- Church: Catholic Church
- Archdiocese: Milan
- Appointed: 9 June 1990
- Term ended: 10 January 2005

Orders
- Ordination: 7 June 1952 by Alfredo Ildefonso Schuster
- Consecration: 24 June 1990 by Carlo Cardinal Martini, S.J.

Personal details
- Born: Angelo Mascheroni 13 October 1929 (age 96) Sesto San Giovanni, Kingdom of Italy

= Angelo Mascheroni (bishop) =

Italian Roman Catholic bishop (born 1929)

Angelo Mascheroni (born 13 October 1929) is an Italian Roman Catholic prelate who served as Auxiliary Bishop of the Archdiocese of Milan from 1990 until his retirement in 2005.

== Early life and priesthood ==
Angelo Mascheroni was born on 13 October 1929 in Sesto San Giovanni, near Milan, in northern Italy. He was ordained a priest for the Archdiocese of Milan on 7 June 1952 by Cardinal Alfredo Ildefonso Schuster.

During his priestly ministry in the archdiocese, he held a variety of pastoral and administrative posts, including service as a vicar for the diocesan clergy and roles in pastoral care and formation (details in diocesan sources).

== Episcopal ministry ==
On 9 June 1990, Pope John Paul II appointed Mascheroni as Auxiliary Bishop of Milan and Titular Bishop of Forum Flaminii.
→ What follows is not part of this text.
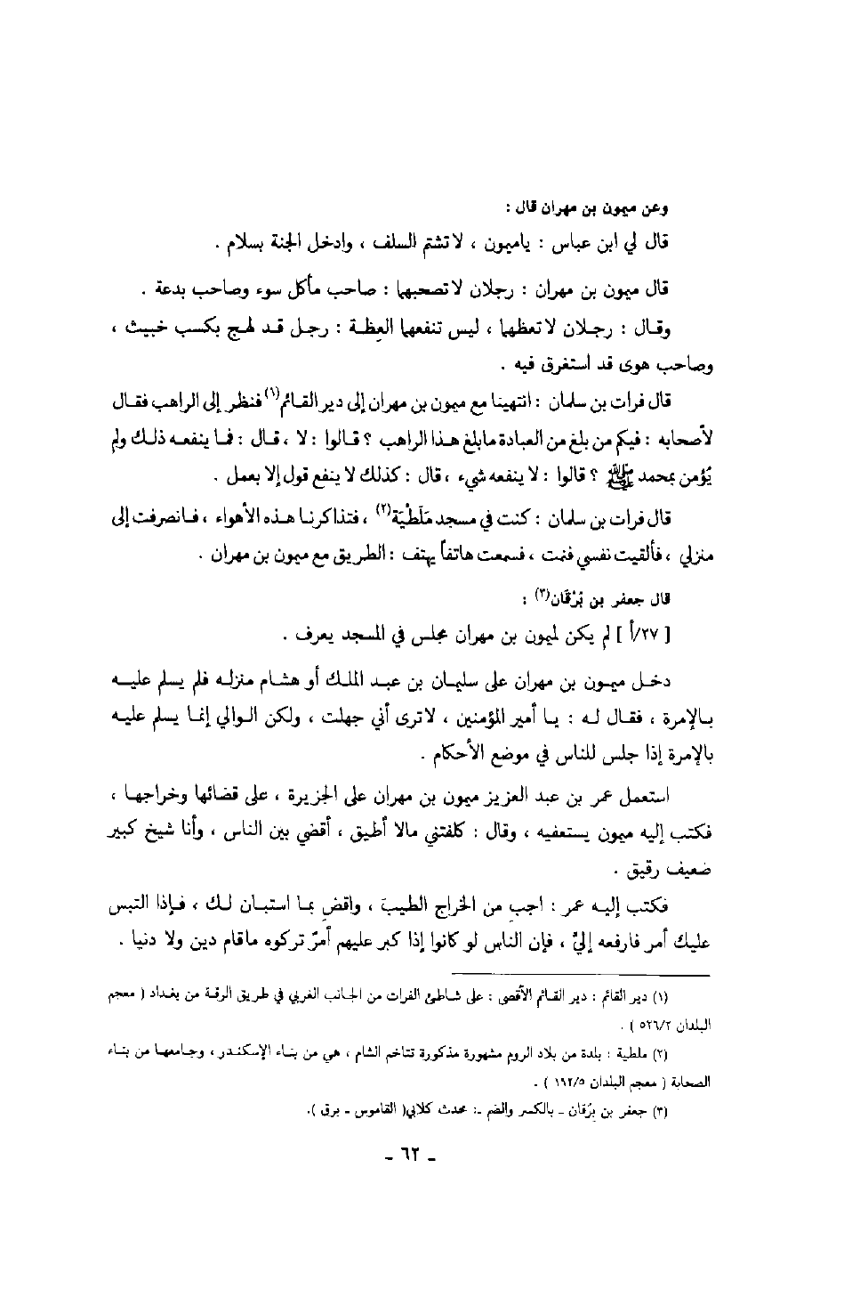 قال جعفر بن برقان: لم يكن لميمون بن مهران مجلس في المسجد يعرف.

He received his episcopal consecration on 24 June 1990 from Carlo Maria Martini, S.J., then Archbishop of Milan, with co-consecrators including Alessandro Maggiolini and Bernardo Citterio.

As an auxiliary bishop, Mascheroni supported the archbishop in pastoral governance of the archdiocese, including assignments such as overseeing clergy formation, serving on diocesan commissions, and assisting in liturgical and sacramental ministry throughout the territory of the Archdiocese of Milan.

He retired on 10 January 2005 upon reaching the age limit for bishops, becoming Auxiliary Bishop Emeritus of Milan.